━━ PROVIDED RECORDS

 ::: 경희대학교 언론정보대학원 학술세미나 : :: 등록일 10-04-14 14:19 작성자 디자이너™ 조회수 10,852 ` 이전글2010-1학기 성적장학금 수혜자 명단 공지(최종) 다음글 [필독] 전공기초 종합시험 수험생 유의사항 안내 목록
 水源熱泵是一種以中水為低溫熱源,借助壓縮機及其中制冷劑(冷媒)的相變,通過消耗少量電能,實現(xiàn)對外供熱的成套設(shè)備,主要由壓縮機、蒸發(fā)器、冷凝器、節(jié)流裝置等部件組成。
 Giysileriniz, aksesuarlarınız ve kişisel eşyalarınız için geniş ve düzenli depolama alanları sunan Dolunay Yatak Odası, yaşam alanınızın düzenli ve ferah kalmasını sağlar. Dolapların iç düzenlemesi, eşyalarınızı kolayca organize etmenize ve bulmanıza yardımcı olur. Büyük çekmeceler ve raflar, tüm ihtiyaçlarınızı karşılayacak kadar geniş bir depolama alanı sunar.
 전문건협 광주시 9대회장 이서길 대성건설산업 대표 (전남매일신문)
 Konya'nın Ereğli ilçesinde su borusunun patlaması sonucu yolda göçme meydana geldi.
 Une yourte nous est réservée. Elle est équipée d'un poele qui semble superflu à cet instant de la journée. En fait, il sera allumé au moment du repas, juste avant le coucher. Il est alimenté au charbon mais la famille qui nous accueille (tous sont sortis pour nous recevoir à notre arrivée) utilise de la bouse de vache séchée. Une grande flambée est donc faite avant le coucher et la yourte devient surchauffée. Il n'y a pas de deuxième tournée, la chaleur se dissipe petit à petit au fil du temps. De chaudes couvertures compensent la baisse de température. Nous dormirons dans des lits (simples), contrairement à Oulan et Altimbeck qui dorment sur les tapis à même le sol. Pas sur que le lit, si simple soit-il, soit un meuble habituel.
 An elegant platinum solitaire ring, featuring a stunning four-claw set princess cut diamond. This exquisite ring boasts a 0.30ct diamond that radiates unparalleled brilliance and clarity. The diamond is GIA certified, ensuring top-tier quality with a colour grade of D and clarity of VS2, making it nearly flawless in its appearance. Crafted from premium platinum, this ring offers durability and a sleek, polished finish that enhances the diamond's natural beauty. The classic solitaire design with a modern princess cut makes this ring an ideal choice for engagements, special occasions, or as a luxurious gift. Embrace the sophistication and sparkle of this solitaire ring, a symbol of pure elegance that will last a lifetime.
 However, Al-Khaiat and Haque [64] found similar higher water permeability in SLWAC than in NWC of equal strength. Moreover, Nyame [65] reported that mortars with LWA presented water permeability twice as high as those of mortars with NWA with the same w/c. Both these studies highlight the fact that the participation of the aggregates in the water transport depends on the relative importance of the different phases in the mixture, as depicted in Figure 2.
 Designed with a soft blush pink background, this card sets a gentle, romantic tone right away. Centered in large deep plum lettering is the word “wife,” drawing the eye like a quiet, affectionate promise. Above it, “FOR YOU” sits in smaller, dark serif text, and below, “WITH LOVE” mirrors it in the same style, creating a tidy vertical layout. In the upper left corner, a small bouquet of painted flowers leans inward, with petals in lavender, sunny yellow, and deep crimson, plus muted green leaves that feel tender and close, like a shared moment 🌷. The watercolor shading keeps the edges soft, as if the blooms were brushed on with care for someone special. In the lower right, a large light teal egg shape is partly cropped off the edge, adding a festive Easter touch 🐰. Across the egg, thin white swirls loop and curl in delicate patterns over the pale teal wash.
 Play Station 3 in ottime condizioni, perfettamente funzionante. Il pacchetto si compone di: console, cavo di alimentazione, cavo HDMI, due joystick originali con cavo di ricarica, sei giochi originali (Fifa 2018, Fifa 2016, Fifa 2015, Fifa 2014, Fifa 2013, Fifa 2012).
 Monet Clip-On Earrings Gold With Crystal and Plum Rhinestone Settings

━━━━

WHAT YOU ARE ASKED TO DO
Output the records above exactly as written.

ANSWER SPACE
 ::: 경희대학교 언론정보대학원 학술세미나 : :: 등록일 10-04-14 14:19 작성자 디자이너™ 조회수 10,852 ` 이전글2010-1학기 성적장학금 수혜자 명단 공지(최종) 다음글 [필독] 전공기초 종합시험 수험생 유의사항 안내 목록
 水源熱泵是一種以中水為低溫熱源,借助壓縮機及其中制冷劑(冷媒)的相變,通過消耗少量電能,實現(xiàn)對外供熱的成套設(shè)備,主要由壓縮機、蒸發(fā)器、冷凝器、節(jié)流裝置等部件組成。
 Giysileriniz, aksesuarlarınız ve kişisel eşyalarınız için geniş ve düzenli depolama alanları sunan Dolunay Yatak Odası, yaşam alanınızın düzenli ve ferah kalmasını sağlar. Dolapların iç düzenlemesi, eşyalarınızı kolayca organize etmenize ve bulmanıza yardımcı olur. Büyük çekmeceler ve raflar, tüm ihtiyaçlarınızı karşılayacak kadar geniş bir depolama alanı sunar.
 전문건협 광주시 9대회장 이서길 대성건설산업 대표 (전남매일신문)
 Konya'nın Ereğli ilçesinde su borusunun patlaması sonucu yolda göçme meydana geldi.
 Une yourte nous est réservée. Elle est équipée d'un poele qui semble superflu à cet instant de la journée. En fait, il sera allumé au moment du repas, juste avant le coucher. Il est alimenté au charbon mais la famille qui nous accueille (tous sont sortis pour nous recevoir à notre arrivée) utilise de la bouse de vache séchée. Une grande flambée est donc faite avant le coucher et la yourte devient surchauffée. Il n'y a pas de deuxième tournée, la chaleur se dissipe petit à petit au fil du temps. De chaudes couvertures compensent la baisse de température. Nous dormirons dans des lits (simples), contrairement à Oulan et Altimbeck qui dorment sur les tapis à même le sol. Pas sur que le lit, si simple soit-il, soit un meuble habituel.
 An elegant platinum solitaire ring, featuring a stunning four-claw set princess cut diamond. This exquisite ring boasts a 0.30ct diamond that radiates unparalleled brilliance and clarity. The diamond is GIA certified, ensuring top-tier quality with a colour grade of D and clarity of VS2, making it nearly flawless in its appearance. Crafted from premium platinum, this ring offers durability and a sleek, polished finish that enhances the diamond's natural beauty. The classic solitaire design with a modern princess cut makes this ring an ideal choice for engagements, special occasions, or as a luxurious gift. Embrace the sophistication and sparkle of this solitaire ring, a symbol of pure elegance that will last a lifetime.
 However, Al-Khaiat and Haque [64] found similar higher water permeability in SLWAC than in NWC of equal strength. Moreover, Nyame [65] reported that mortars with LWA presented water permeability twice as high as those of mortars with NWA with the same w/c. Both these studies highlight the fact that the participation of the aggregates in the water transport depends on the relative importance of the different phases in the mixture, as depicted in Figure 2.
 Designed with a soft blush pink background, this card sets a gentle, romantic tone right away. Centered in large deep plum lettering is the word “wife,” drawing the eye like a quiet, affectionate promise. Above it, “FOR YOU” sits in smaller, dark serif text, and below, “WITH LOVE” mirrors it in the same style, creating a tidy vertical layout. In the upper left corner, a small bouquet of painted flowers leans inward, with petals in lavender, sunny yellow, and deep crimson, plus muted green leaves that feel tender and close, like a shared moment 🌷. The watercolor shading keeps the edges soft, as if the blooms were brushed on with care for someone special. In the lower right, a large light teal egg shape is partly cropped off the edge, adding a festive Easter touch 🐰. Across the egg, thin white swirls loop and curl in delicate patterns over the pale teal wash.
 Play Station 3 in ottime condizioni, perfettamente funzionante. Il pacchetto si compone di: console, cavo di alimentazione, cavo HDMI, due joystick originali con cavo di ricarica, sei giochi originali (Fifa 2018, Fifa 2016, Fifa 2015, Fifa 2014, Fifa 2013, Fifa 2012).
 Monet Clip-On Earrings Gold With Crystal and Plum Rhinestone Settings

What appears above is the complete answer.